Thus, the user should provide arrays containing the wind field at the vertical interface and at the horizontal interface that are resp. of shape (nb cell in y axis, nb cell in x axis + 1, 2) and (nb cell in y axis + 1, nb cell in x axis, 2) if the wind field is stationnary, and of shape (nb time point, nb cell in y axis, nb cell in x axis + 1, 2) and (nb time point, nb cell in y axis + 1, nb cell in x axis, 2) otherwise.
[5]:
U_vi = np.load(Path(path_data) / f'U_vi.npy')
U_hi = np.load(Path(path_data) / f'U_hi.npy')
U = Velocity(msh,U_vi, U_hi)
The Velocity class also contains useful attributes and methods to manipulate the wind field. For instance, the attributes at_vertical_interface and at_horizontal_interface contain the velocity field at resp. the vertical and horizontal interfaces of the mesh’s cells at the current time, and the method at_current_time enables to update all the attributes at the time given as input of the method.
Moreover, the wind velocity field can be plotted at the current time using the plot_velocity_field method of the utils module.
[6]:
plot_velocity_field(msh,U)
../_images/tutorials_pheromone_propagation_model_17_0.png
The velocity submodule also containes a velocity_field_from_meteo_data method that can be used to generate an object of the Velocity class from meteorological data contained in a .csv file whose path and name are given as input.
This method is implemented for meteorological data in the format of the data provided by the AROME model of MeteoFrance. However, it can easily be adapted for other format.
This method computes the wind field on each cell interfaces by linear interpolation of the data potentially located on a irregular grid.

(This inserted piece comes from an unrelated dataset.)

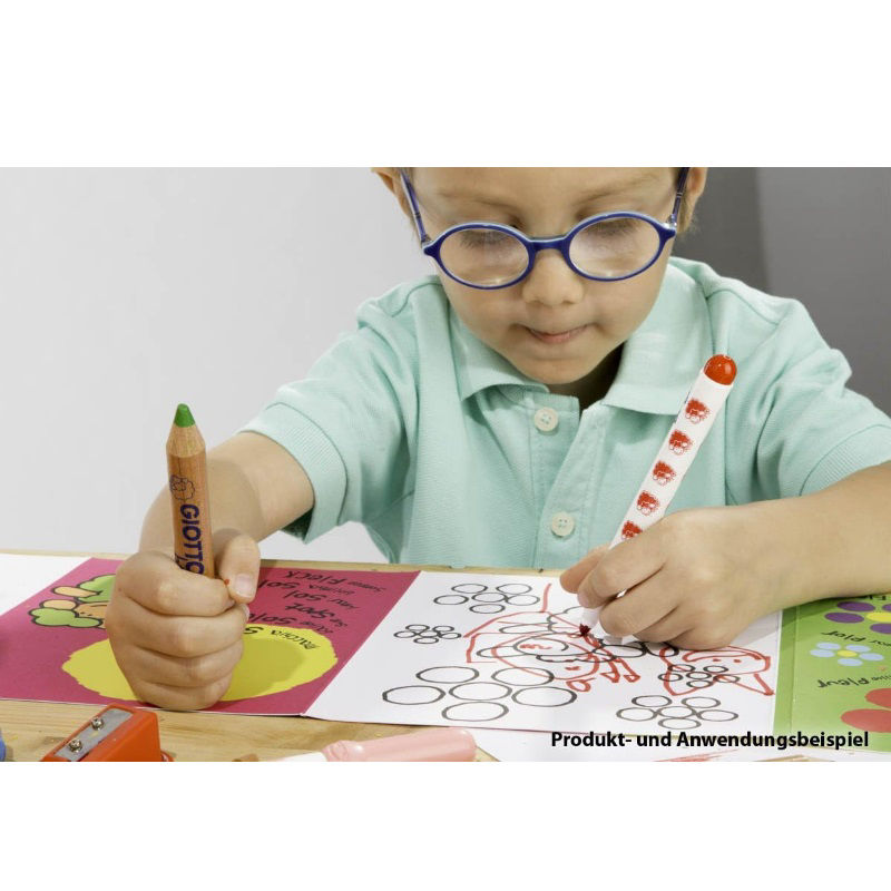 Σούπερ μεγάλα μολύβια Giotto be-be για τα πολύ μικρά παιδιά. Κατασκευασμένο από το καλύτερο ξύλο. Φωτεινό σε απαλά χρώματα. Εύκολο να εφαρμοστεί στο χαρτί χωρίς να ασκείται πάρα πολλή πίεση. Ασφαλές, superwashable εύκολο στο ξύσιμο. Extra-πλατιά 7 χιλιοστά διάμετρο μολυβιού. Καπάκι ασφάλειας, ειδικά σχεδιασμένο για παιδιά κάτω των τριών ετών που έχουν ήδη κάνει την πρώτη επαφή τους με την τέχνη. Εγγυημένη ασφάλεια λόγω της προσεκτικής επιλογής των συστατικών του προϊόντος και σχολαστικός έλεγχος ποιότητας που διενεργούνται σε κάθε στάδιο της παραγωγικής διαδικασίας. Η ξύστρα συμπεριλαμβάνεται.

Specifying the diffusion tensor using the diffusion_tensor submodule

The diffusion tensor is here contained in an object of the DiffusionTensor class of the diffusion_tensor submodule.

In the present case, we suppose that the diffusion tensor is given by a diffusion coefficient \(K_u\) in the wind direction and a diffusion coefficient \(K_{u^\perp}\) in the crosswind direction.
Hence, the anistropic diffusion tensor is given by \(\mathbf{K} = R(U)diag(K_u,K_{u^\perp})R(U)^T\) with \(R(U)\) the rotation matrice of angle \(\theta\) between the wind field and the cartesian frame. By the definition of the rotation matrice, the diffusion tensor can be rewritten \(\mathbf{K} = K_{u^\perp}Id + (K_u-K_{u^\perp})\frac{UU^T}{\|U\|^2}\).
Let us note that, in general, the crosswind diffusion coefficient \(K_{u^\perp}\) is much larger that the wind diffusion coefficient.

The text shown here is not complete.